- **Information provided**
——
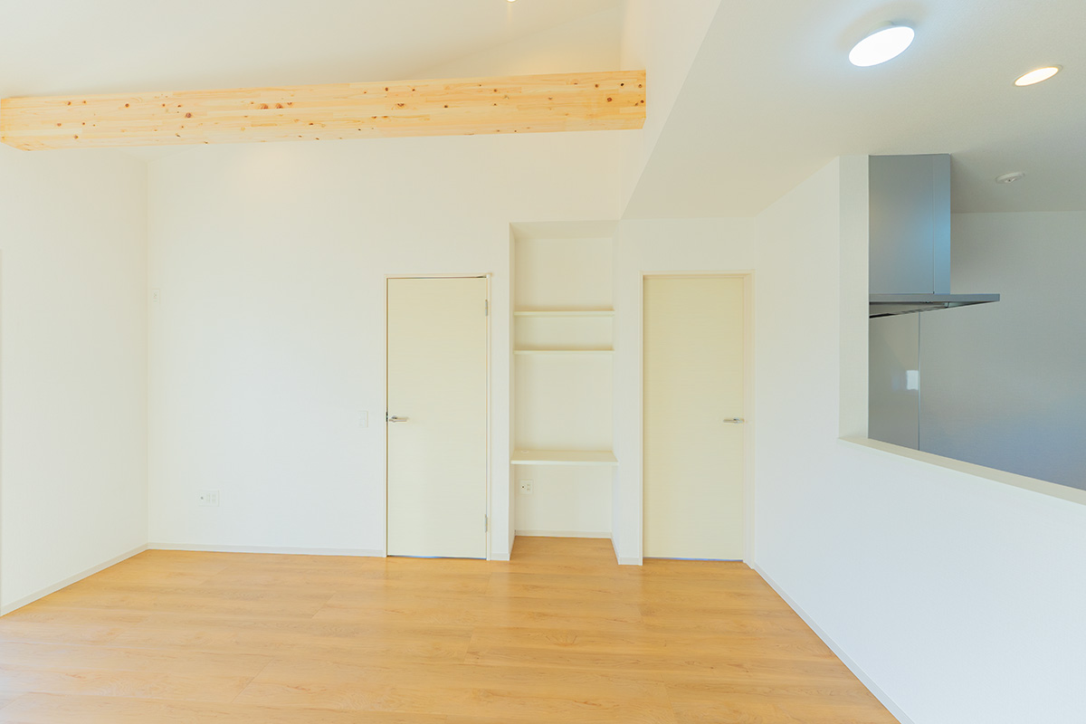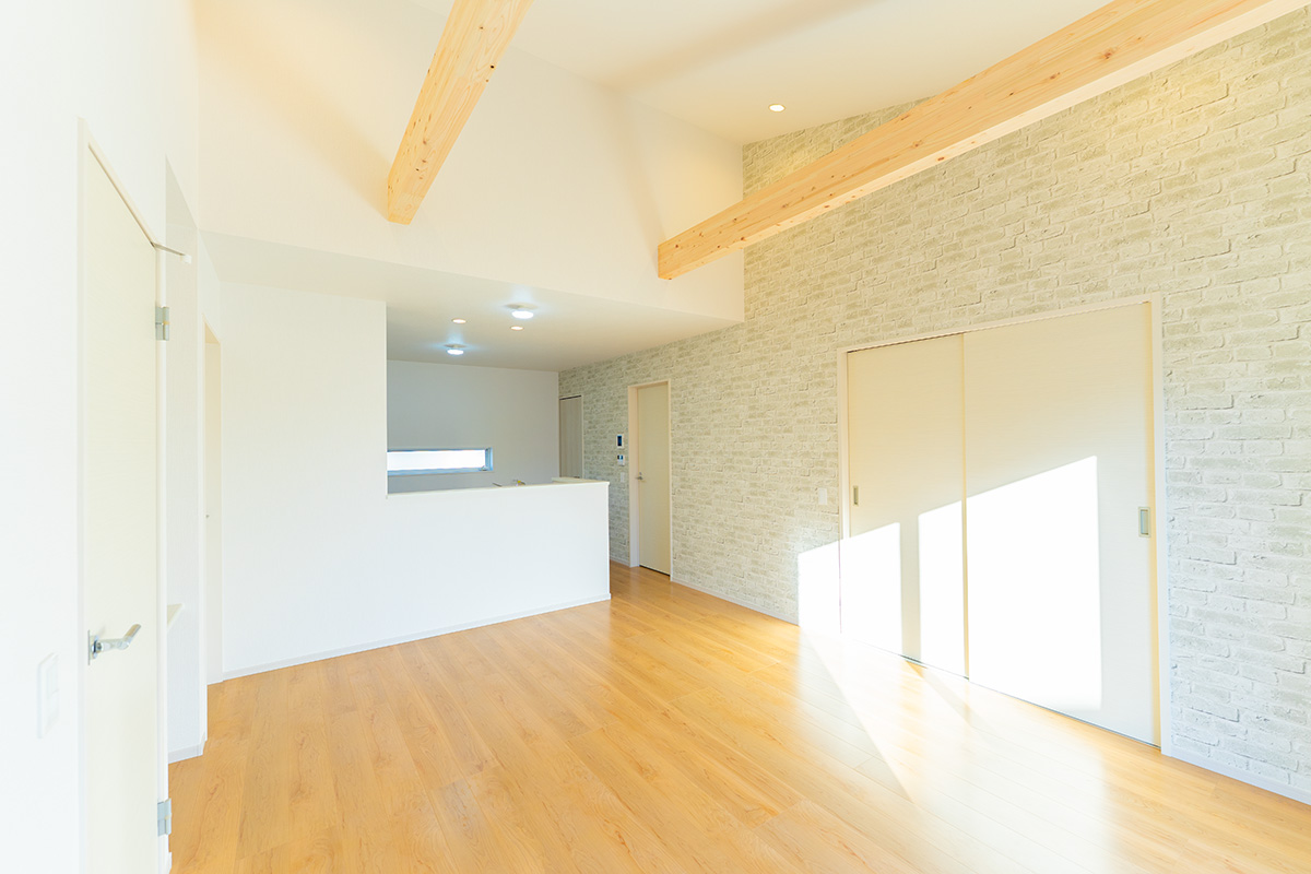 リビングの扉を開けた瞬間、見上げるほど高く伸びた勾配天井に息を呑むはずです。美しい木目の「現し梁」がアクセントとなり、空間にリズミカルな奥行きを生み出しています。16.2帖という広さ以上の「立体的なゆとり」が、日々の暮らしに極上のリラックスをもたらします。
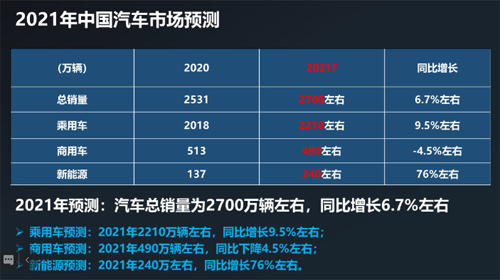 中汽協(xié)預測2021年汽車總銷量為2700萬輛左右,同比增長6.7%左右。
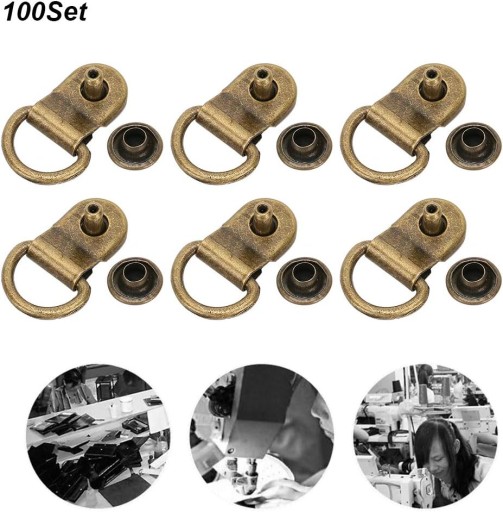 ①100 Zestawów Haczyk na Sznurowadła D Ring Oczko Klamra Mosiężny Haczyk na Sznurowadła Loop Ring
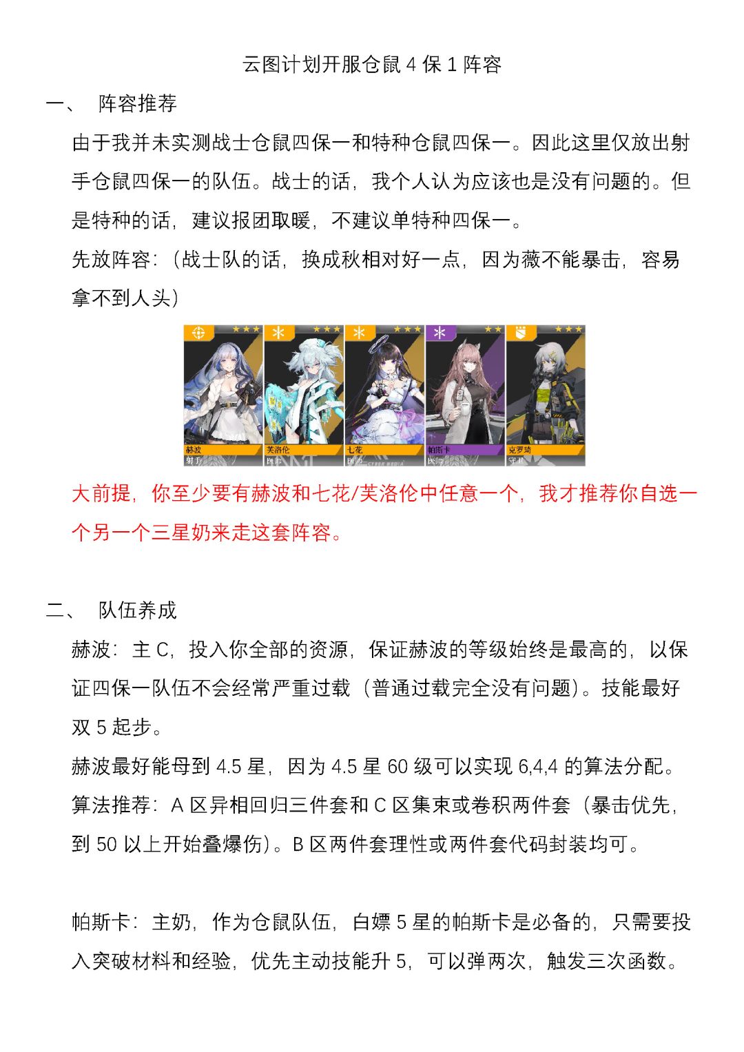 借这篇攻略顺便复盘一下我组开服的推荐榜,本来以为减伤效果削弱后效果会大不如前的(内测芙洛伦高难指定T0),激素大因为要掉血所以判断前期应该不太实用。 结果忽略了内测没有的助战系统,主线暗域无尽素材本都直接按快进键了这样激素和减伤都还是能在各种场合发挥很强的效果,保守估计也是有T1水准。 以下原文 作者:Miku大酱 一、阵容推荐 由于我并未实测战士仓鼠四保一和特种仓鼠四保一。因此这里仅放出射手仓鼠
——
- **What this task involves**
Could you reproduce the listing above word for word while leaving out its pictures?

- **Response for this exercise**
 リビングの扉を開けた瞬間、見上げるほど高く伸びた勾配天井に息を呑むはずです。美しい木目の「現し梁」がアクセントとなり、空間にリズミカルな奥行きを生み出しています。16.2帖という広さ以上の「立体的なゆとり」が、日々の暮らしに極上のリラックスをもたらします。
 中汽協(xié)預測2021年汽車總銷量為2700萬輛左右,同比增長6.7%左右。
 ①100 Zestawów Haczyk na Sznurowadła D Ring Oczko Klamra Mosiężny Haczyk na Sznurowadła Loop Ring
 借这篇攻略顺便复盘一下我组开服的推荐榜,本来以为减伤效果削弱后效果会大不如前的(内测芙洛伦高难指定T0),激素大因为要掉血所以判断前期应该不太实用。 结果忽略了内测没有的助战系统,主线暗域无尽素材本都直接按快进键了这样激素和减伤都还是能在各种场合发挥很强的效果,保守估计也是有T1水准。 以下原文 作者:Miku大酱 一、阵容推荐 由于我并未实测战士仓鼠四保一和特种仓鼠四保一。因此这里仅放出射手仓鼠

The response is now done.